● Goal of the exercise:
Look through the entries below for the line with "ZRG 866  ALBINONI" and the line with "ドンブリ半分だけをひっくり返", then give again exactly those two lines and all lines between them, minus the pictures.

● Collection entries:
──────

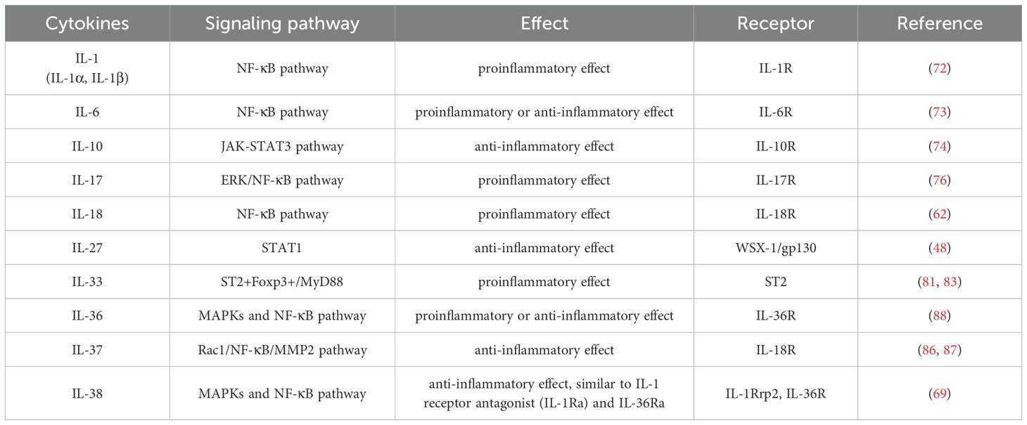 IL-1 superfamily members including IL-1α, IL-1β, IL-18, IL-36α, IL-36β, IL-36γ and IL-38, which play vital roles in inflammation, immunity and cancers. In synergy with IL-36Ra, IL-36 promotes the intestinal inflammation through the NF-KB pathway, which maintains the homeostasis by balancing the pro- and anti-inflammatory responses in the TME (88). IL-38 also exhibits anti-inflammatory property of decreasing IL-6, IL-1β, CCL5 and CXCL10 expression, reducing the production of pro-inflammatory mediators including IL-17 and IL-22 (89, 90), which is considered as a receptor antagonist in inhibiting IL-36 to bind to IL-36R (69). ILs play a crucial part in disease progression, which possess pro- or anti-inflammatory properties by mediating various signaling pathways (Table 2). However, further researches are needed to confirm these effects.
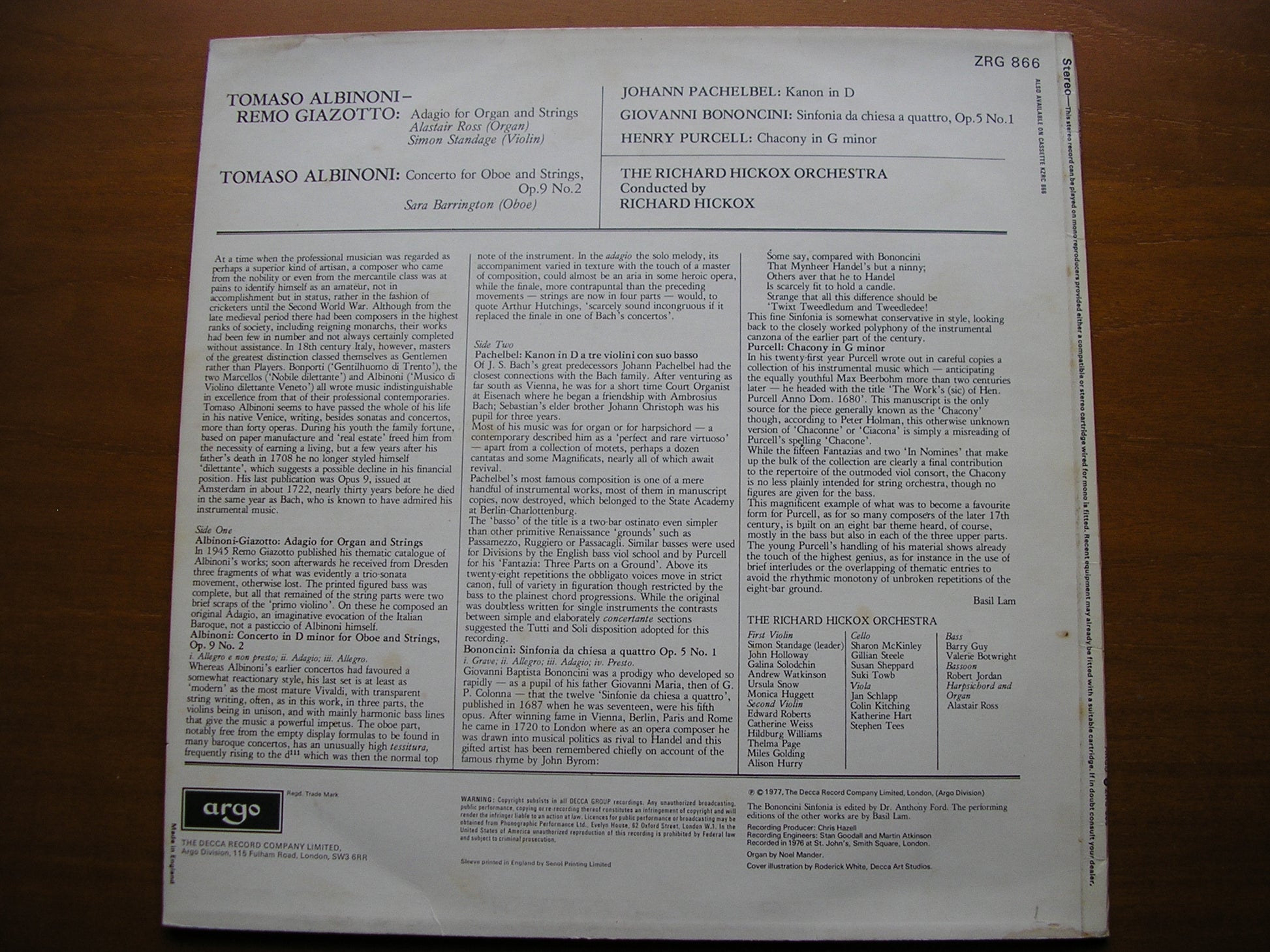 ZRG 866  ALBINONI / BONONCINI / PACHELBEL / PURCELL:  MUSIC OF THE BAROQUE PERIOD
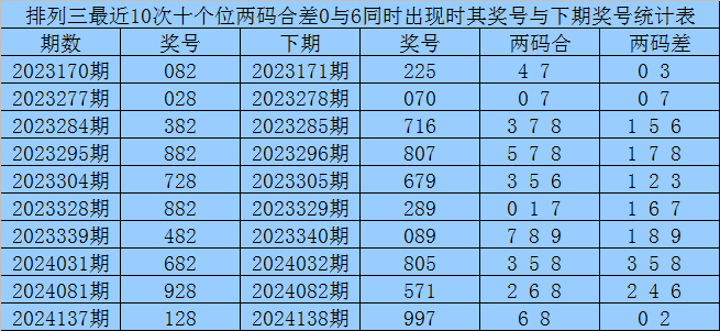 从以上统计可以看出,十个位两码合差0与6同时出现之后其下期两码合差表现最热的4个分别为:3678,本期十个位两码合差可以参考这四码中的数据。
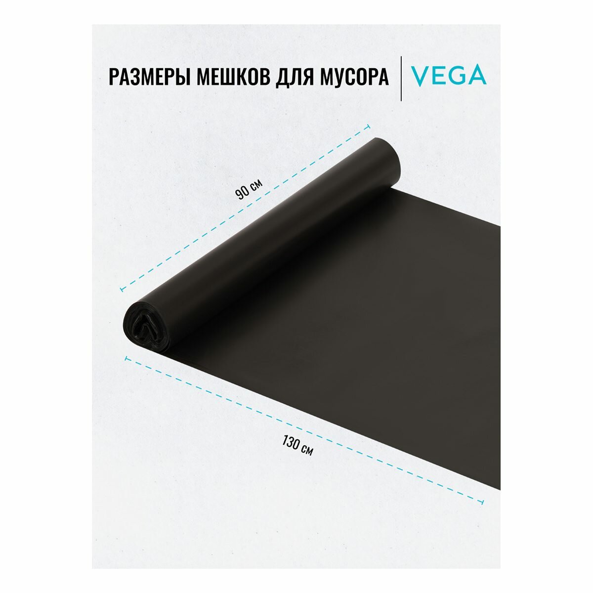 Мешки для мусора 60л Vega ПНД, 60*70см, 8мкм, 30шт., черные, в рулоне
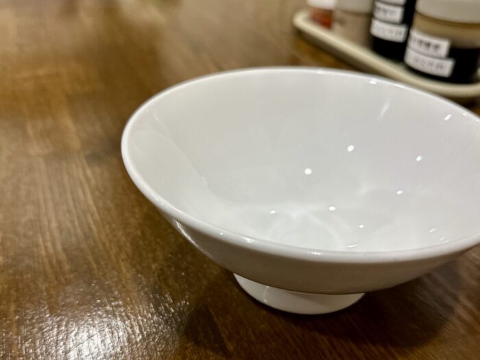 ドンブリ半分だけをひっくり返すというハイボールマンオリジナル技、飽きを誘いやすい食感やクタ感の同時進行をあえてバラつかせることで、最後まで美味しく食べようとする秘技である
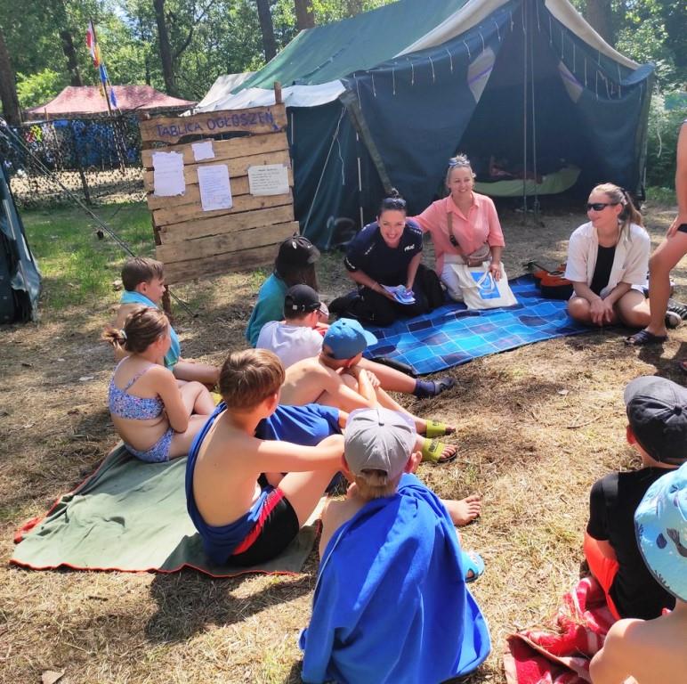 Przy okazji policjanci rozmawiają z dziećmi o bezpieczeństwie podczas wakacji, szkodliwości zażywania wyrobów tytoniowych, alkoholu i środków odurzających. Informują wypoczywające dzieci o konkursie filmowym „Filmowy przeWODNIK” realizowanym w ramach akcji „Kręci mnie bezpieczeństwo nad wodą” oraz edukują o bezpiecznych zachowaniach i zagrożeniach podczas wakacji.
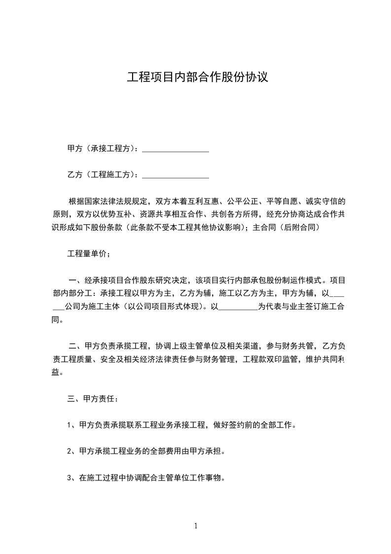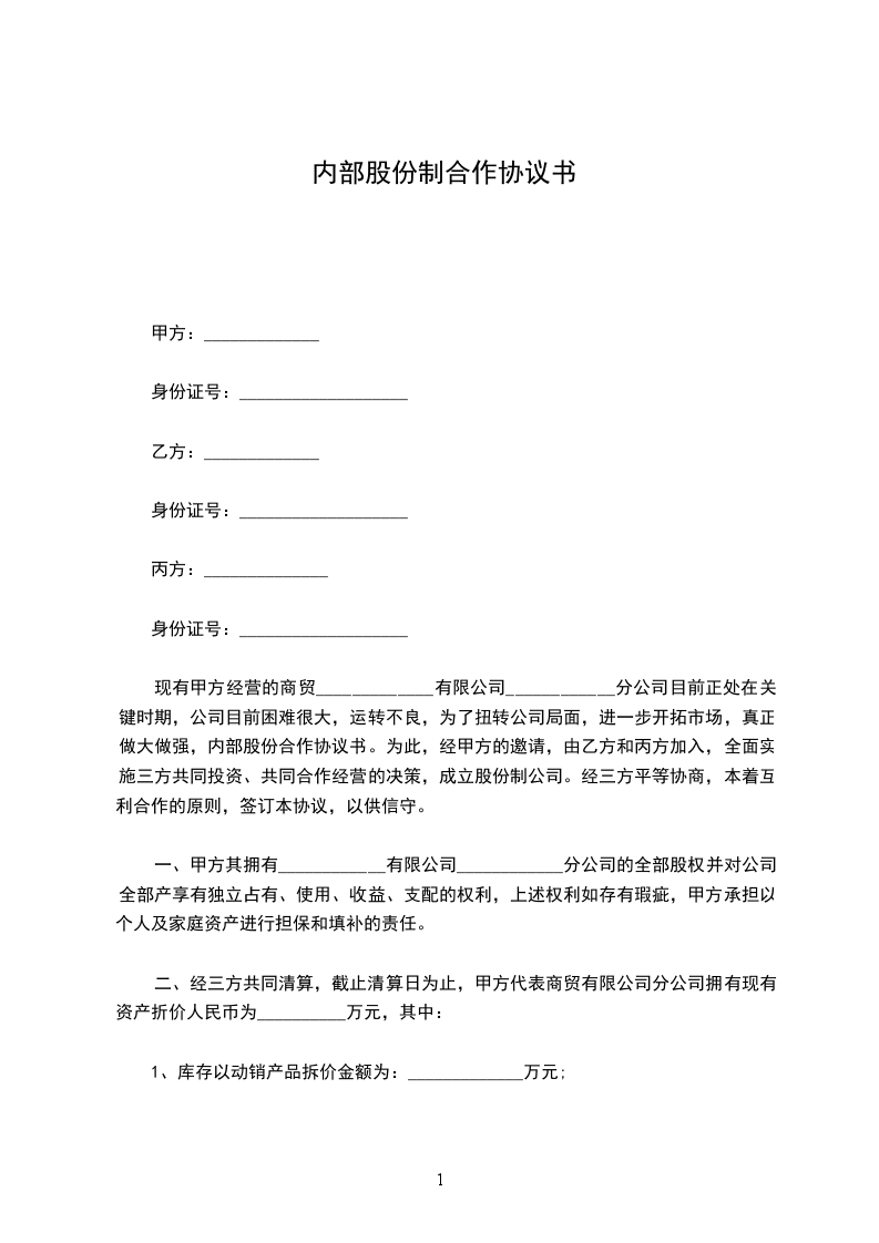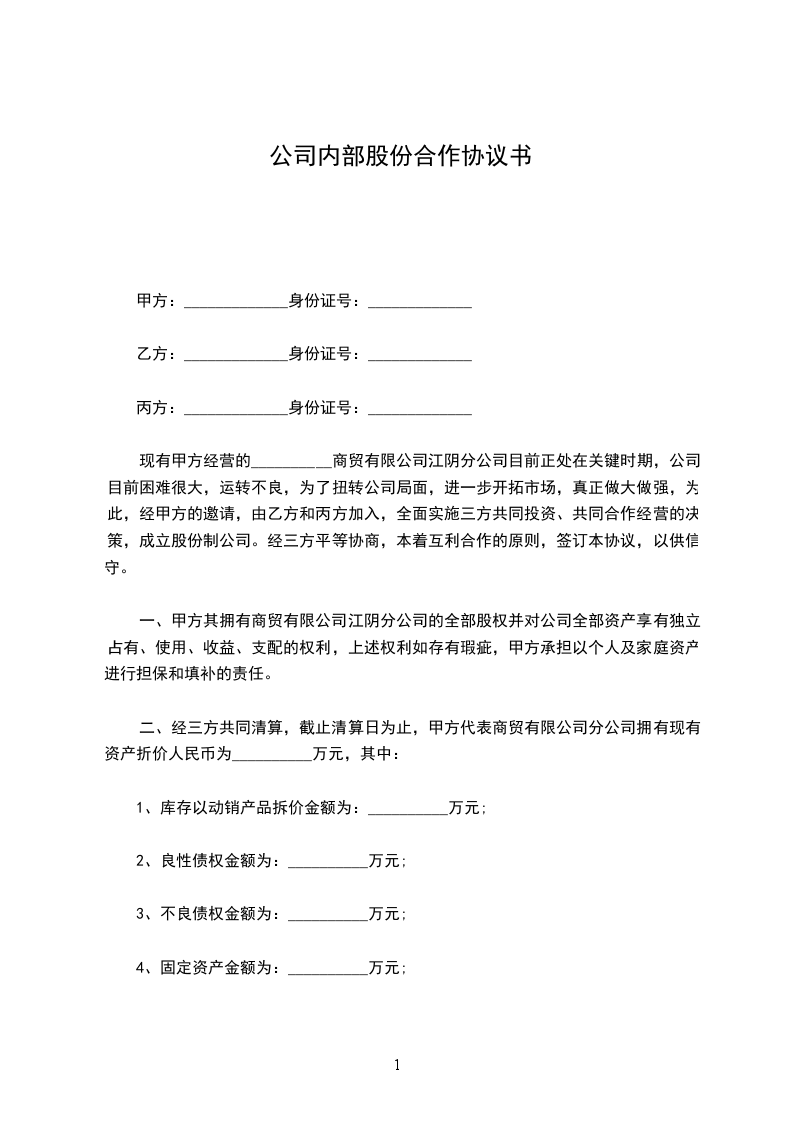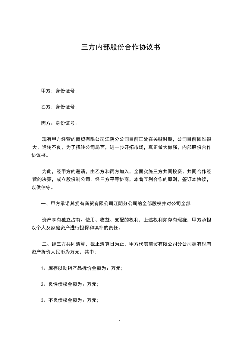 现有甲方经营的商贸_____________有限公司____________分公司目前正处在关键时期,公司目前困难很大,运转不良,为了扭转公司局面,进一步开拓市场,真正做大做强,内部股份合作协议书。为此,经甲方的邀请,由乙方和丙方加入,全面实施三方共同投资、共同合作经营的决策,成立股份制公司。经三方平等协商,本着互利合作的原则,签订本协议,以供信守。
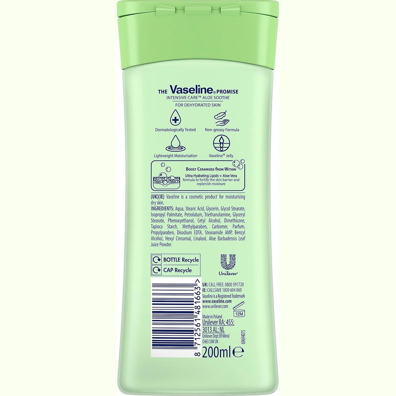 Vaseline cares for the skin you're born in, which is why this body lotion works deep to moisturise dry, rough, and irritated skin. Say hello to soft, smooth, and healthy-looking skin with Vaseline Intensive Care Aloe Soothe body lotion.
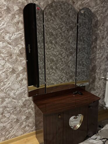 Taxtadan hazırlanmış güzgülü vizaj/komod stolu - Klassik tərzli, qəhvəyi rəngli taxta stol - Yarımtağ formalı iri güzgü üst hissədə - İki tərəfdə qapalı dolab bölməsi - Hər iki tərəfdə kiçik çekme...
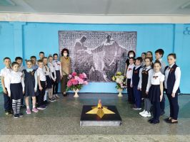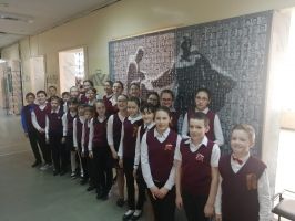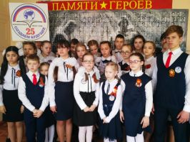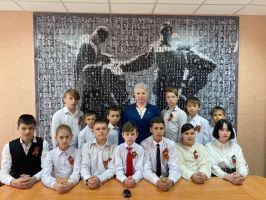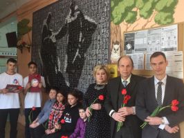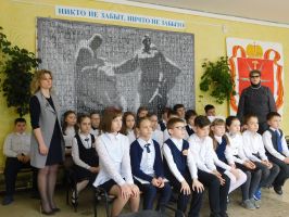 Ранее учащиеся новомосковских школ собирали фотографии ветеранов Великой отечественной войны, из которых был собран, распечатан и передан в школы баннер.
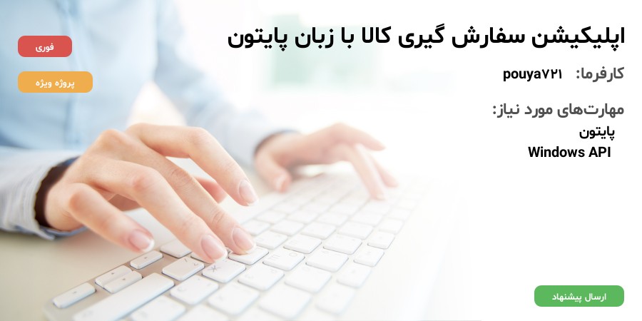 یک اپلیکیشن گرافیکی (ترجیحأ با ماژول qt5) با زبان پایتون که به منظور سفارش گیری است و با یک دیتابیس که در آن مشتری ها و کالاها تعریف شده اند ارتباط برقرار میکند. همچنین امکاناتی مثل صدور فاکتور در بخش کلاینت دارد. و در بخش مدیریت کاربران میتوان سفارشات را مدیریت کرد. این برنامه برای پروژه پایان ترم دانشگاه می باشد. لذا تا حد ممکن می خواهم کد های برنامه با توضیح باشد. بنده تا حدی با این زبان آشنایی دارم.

──────

● Answer box:
 ZRG 866  ALBINONI / BONONCINI / PACHELBEL / PURCELL:  MUSIC OF THE BAROQUE PERIOD
 从以上统计可以看出,十个位两码合差0与6同时出现之后其下期两码合差表现最热的4个分别为:3678,本期十个位两码合差可以参考这四码中的数据。
 Мешки для мусора 60л Vega ПНД, 60*70см, 8мкм, 30шт., черные, в рулоне
 ドンブリ半分だけをひっくり返すというハイボールマンオリジナル技、飽きを誘いやすい食感やクタ感の同時進行をあえてバラつかせることで、最後まで美味しく食べようとする秘技である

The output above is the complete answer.